When can a routine executing in the top half of the kernel be preempted? When can it be interrupted?
The top half of the kernel provides services to processes in response to system calls or traps. And the FreeBSD kernel is rarely preempted to run another user process while executing in the top half of the kernel.
But it still can be interrupted to run a real-time process or by interrupts from the bottom half of the kernel. Normally device-interrupt processes have a higher priority than user processes or processess running in the top half of the kernel.
Why are routines executing in the bottom half of the kernel precluded from using information located in the current user process?
The bottom half part of the kernel comprises routines that are invoked to handle hardware interrupts.
Activities in the bottom half of the kernel are synchronous with respect to the interrupt source but are asynchronous, with respect to the top half.
Software cannot depend on having a specific or any process running when an interrupt occurs. Thus the information located in the current user process may be not available.
Why does the system defer as much work as possible from high-priority interrupts to lower-priority software-interrupt processes?
To ensure that critical operations will not be blocked from executing longer than necessary.
What determines the shortest(nonzero) time period that a user process can request when setting a timer?
The clock interrupt rate determines the frequency of call to hardclock() routine, and hardclock() will make softclock() runnable if the latter needs to be run. softclock() routine is to arrange for the execution of periodic events, including process real-time timer.
How does the kernel determine the system call for which it has been invoked?
Syscall() is the appropriate handler of system call, and it takes a specific set of parameters, they are the system-call number and an exception frame.
How are initialized data represented in an executable file? How are uninitialized data represented in an executable file? Why are the representations different?
Initialized data are stored in executable-file disk image while uninitialized data are not in it, because they can be created on demand with zero-filled memory at runtime.

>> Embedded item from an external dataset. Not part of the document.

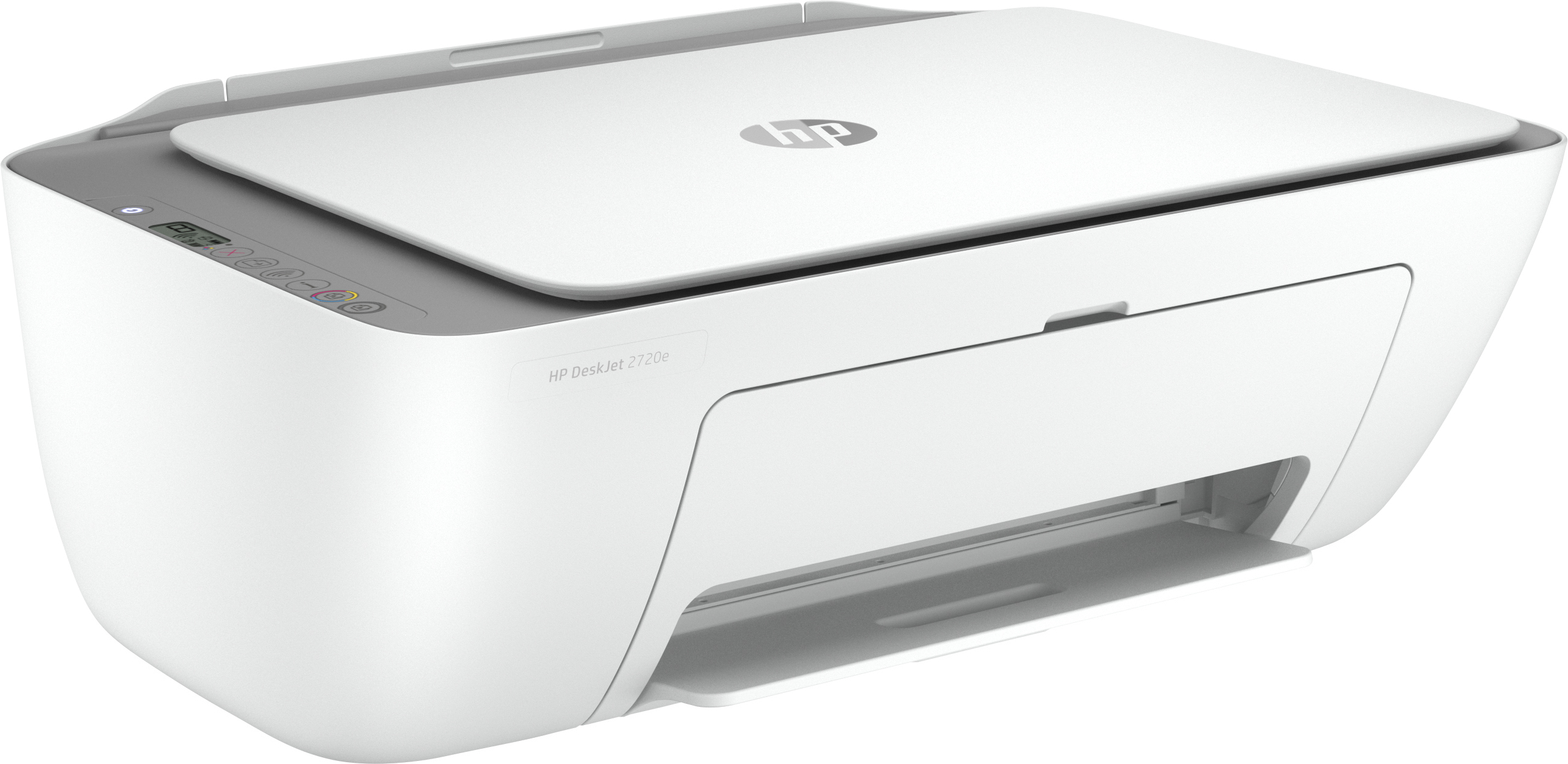 HP DeskJet 2720e. Tecnología de impresión: Inyección de tinta térmica, Impresión: Impresión a color, Resolución máxima: 4800 x 1200 DPI, Velocidad de impresión (color, calidad normal, A4/US Carta): 5,5 ppm. Copiando: Copia a color. Escaneando: Escaneo a color, Resolución óptica de escáner: 1200 x 1200 DPI. Funciones dúplex: Imprimir. Tamaño máximo de papel ISO A-series: A4. Wifi. Color del producto: Gris, Blanco

Describe how the ‘#!’ mechanism can be used to make programs that require emulation appears as though they were normal executables.
Files falling into the first classification have as their magic number(located in the first 2 bytes of the file) the two-character sequence #! followed by the pathname of the interpreter to be used. The image activator that will be selected is the one that handles the invocation of interpreters. It will load and run the named interpreter, passing the name of the file that is to be interpreted as an argument.
Describe the security implications of not zero filling the stack region at program startup.
Not zero filling the stack region at program startup means the current process can read data left by previously running programs, which may lead to critical information leak or surreptitious misuse of data.
Why is the conversion from UTC to local time done by user processes rather than in the kernel?
To keep kernel simple and fast as it doesn’t need local time to work properly.
What is the advantage of having the kernel rather than an application restart an interrupted system call?
Simplify application code as it doesn’t need to be aware of system-call restarting.
Save the overhead cost on entering the kernel.